Because of budgetary constraints in the early 1980s, in part due to California Proposition 13 (1978), the South Bay Union High School District decided in November 1981 to close one of its three area comprehensive high schools, but promised teachers and administrators that they would not lose their jobs. Savings were projected at $1 million in maintenance costs. After much deliberation (via a 21-member citizen's committee) and several public forums, the district decided in April 1982 to close Aviation. Hugh Cameron, the SBUHSD superintendent, stated that district decided that of the three high schools, it could sell or lease the land from Aviation High with the least amount of difficulty.

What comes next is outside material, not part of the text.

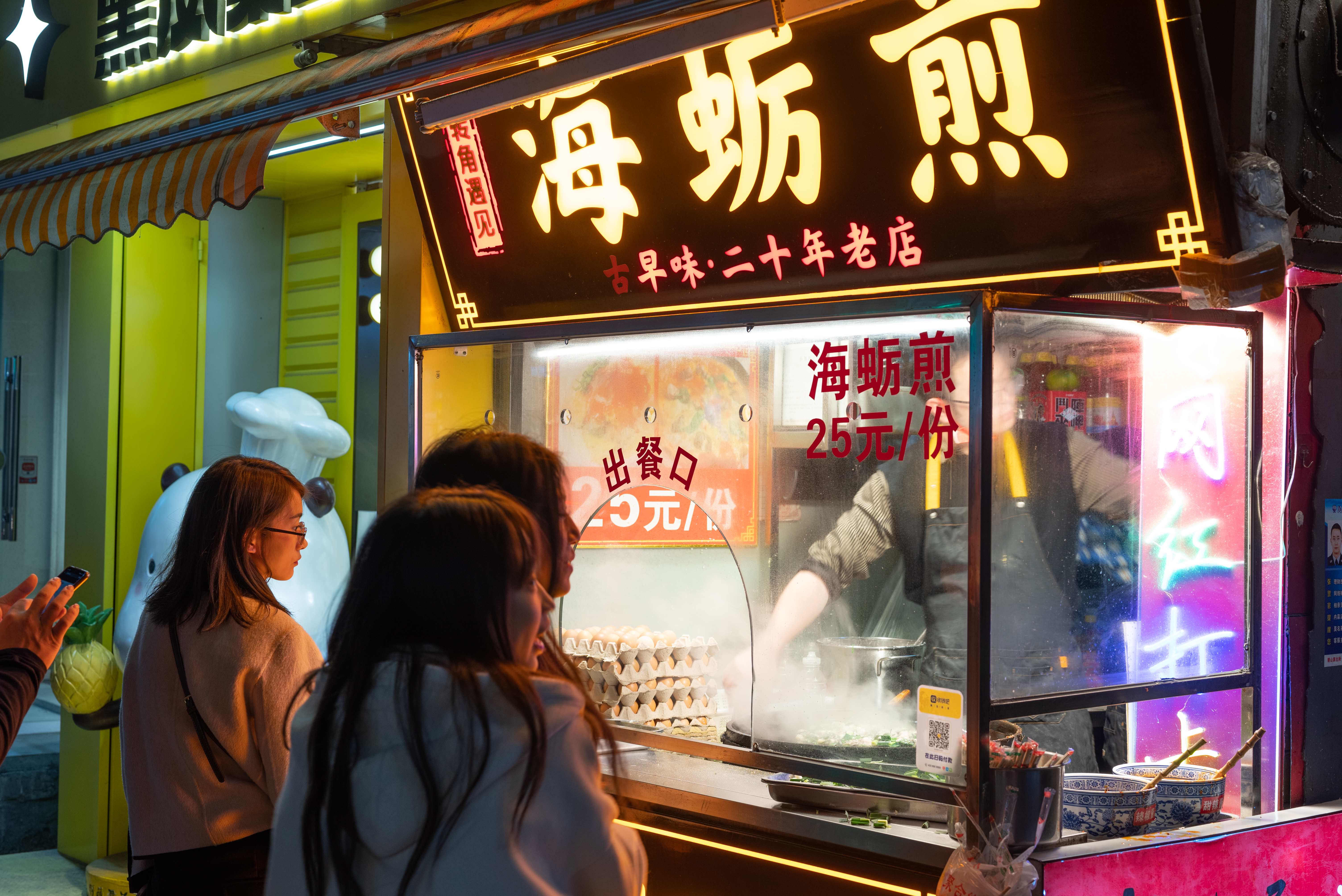 沙坡尾是所谓的”潮流街区”,会卖一些新潮的文创,并且有一些适合拍照和打卡的布景。也许可以拍拍夜景,但来这边买东西属实没有必要。在沙坡尾附近还吃了海蛎煎和沙茶肉串。海蛎煎差不多是蚵仔煎的新皮肤,口感大差不差,可以就当去了隔壁省的士林夜市。沙茶肉串:和普通肉串没啥区别,本身腌制很重,已经吃不出太多沙茶味了。

Many in the South Bay community saw this decision as unsound (closure would result in overcrowding of the two remaining schools and would not be a viable long-term strategy if district enrollment increased; in addition, Aviation had the newest facilities of the three area high schools. Some viewed the decision as based on area politics and geography (Redondo and Mira Costa High Schools were more centrally located and better anchored to their historic communities); some accused the decision of being in part motivated by the prospect of selling or leasing the facilities to Aviation High School's large corporate neighbor, the defense and credit-reporting company TRW. For some time after the school's closure, TRW did lease part of the facilities, including the gym, the track and field, and the auditorium; however, the city maintained the facilities.

There were 1,600 students in the final year, with 345 students in the final graduating class.

In September 1982, Dirk Broersma of The Redondo Reflex wrote that the SBUHSD administration felt that the transition to two high schools unexpectedly was "smooth" as no parties asked for recalling any politicians and officials, nor were any lawsuits filed.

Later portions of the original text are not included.